İlk derece mahkemesi karar ve gerekçesinde yasa ve usule aykırılık bulunmadığı gibi kamu düzenine aykırılık da görülmediğinden, davalı vekilinin istinaf başvurusunun HMK 353/1-b1 maddesi uyarınca esastan reddine dair aşağıdaki karar verilmiştir.

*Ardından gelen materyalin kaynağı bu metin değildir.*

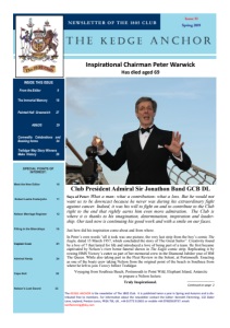 2 THE KEDGE ANCHOR Issue 51— Spring 2019 Educated at Pattinson College and Woodlands Comprehensive (now West Coventry Academy), Coventry, he read economics at Hull 1968-71 and, part-time, for a masters at Birkbeck 1972-75 on the impact of transport rationalisation on land values. His history was self-taught. Warwick was diverted from his intention of joining the Royal Navy for a short service commission by the offer of a job as personal assistant to the left-wing politician and entrepreneur T. Dan Smith. Smith gave Warwick great responsibility, while Warwick learned to network through dealing with Smith’s contacts who were as varied as the union-leader Vic Feather, the musician Yehudi Menuhin, and the then Foreign Secretary George Brown. His specific responsibilities included finding greenfield sites for motorway service stations and the planning application for Sullom Voe oil terminal. Though he believed he knew Smith’s business intimately, he was surprised not to be interviewed by the police after Smith’s arrest on corruption charges and remained convinced that Smith had been made a scapegoat by the establishment. In 1974-85 Warwick joined Legal & General’s investment planning team, ending as head of property research: projects included Landsdowne House and Leadenhall Market. His interests were never numbers, however, but people and while lent to a charity, Action Resource Centre 1985-88, he gained new qualifications in public relations, returning to L&G as business development manager 1988-91 and marketing director 1991-96. Warwick enjoyed champagne and fast cars, but the business world was changing around him and becoming less fun, and in 1995 he set up as a freelance consultant in marketing and communications, initially enjoying some success with Middle Eastern clients. This also enabled him to give more attention to his teenage son, Tom, and gradually, with a variable income, his life-style became more abstemious. He had already been known to put clients and junior colleagues at ease by descriptions, often using the cutlery, of Nelson’s battles, and now with downtime between commissions he was able to give full reign to his enthusiasm for his hero, Nelson. Warwick dated his obsession to 15 March 1957 when, aged 7, he read the last episode of ‘The Life of the Great Sailor’ in The Eagle, and experienced “a quasi-spiritual moment, like a hot knife going through butter”. Over the next 40 years he built a library about Nelson and collected artefacts related to him, but it was not until the 1990s, while showing friends round the Nelson exhiPeter Terence Warwick Was born on 20 December 1949 in Kenilworth where his father was a pioneer aero-engineer who worked with Frank Whittle and on jets from the Gloster Meteor Mk 1 to Concorde. HMS Victory Cutter at King’s Stairs Greenwich during the Emirates Thames Nelson Flotilla, 16 September 2005. Chairman Peter Warwick standing right wears a full dress replica naval captain’s uniform, and Alex Price, as John Richards Lapenotiere between the tossed oars wears a replica lieutenant’s uniform, both made by Keith Levitt at Henry Poole & Co, Savile Row.

HÜKÜM : Gerekçesi yukarıda açıklandığı üzere;
1-HMK 353/1.b.1.maddesi uyarınca, davalı vekilinin istinaf başvurusunun esastan reddine,
2-Davalı tarafından yatırılan istinaf başvuru harçlarının Hazineye irad kaydına,
3-Bakiye 211,59 TL nispi istinaf harcının davalıdan tahsiline, Hazineye irad kaydına,
4-Davalı tarafından istinaf kanun yoluna başvuru için yapılan masrafların kendi üzerlerinde bırakılmasına,
5-Duruşma açılmadığından avukatlık ücreti tayinine yer olmadığına,
6-Gerekçeli kararın birer örneğinin ilk derece mahkemesince taraflara tebliğine,
7-Dosyanın kararı veren ilk derece mahkemesine gönderilmesine dair;
HMK.353.maddesi uyarınca dosya üzerinde yapılan inceleme sonucunda, oybirliğiyle ve kesin olarak karar verildi. 27.09.2018
KANUN YOLU : HMK.362/1.a maddesi uyarınca, dava konusunun değerine göre karar kesindir.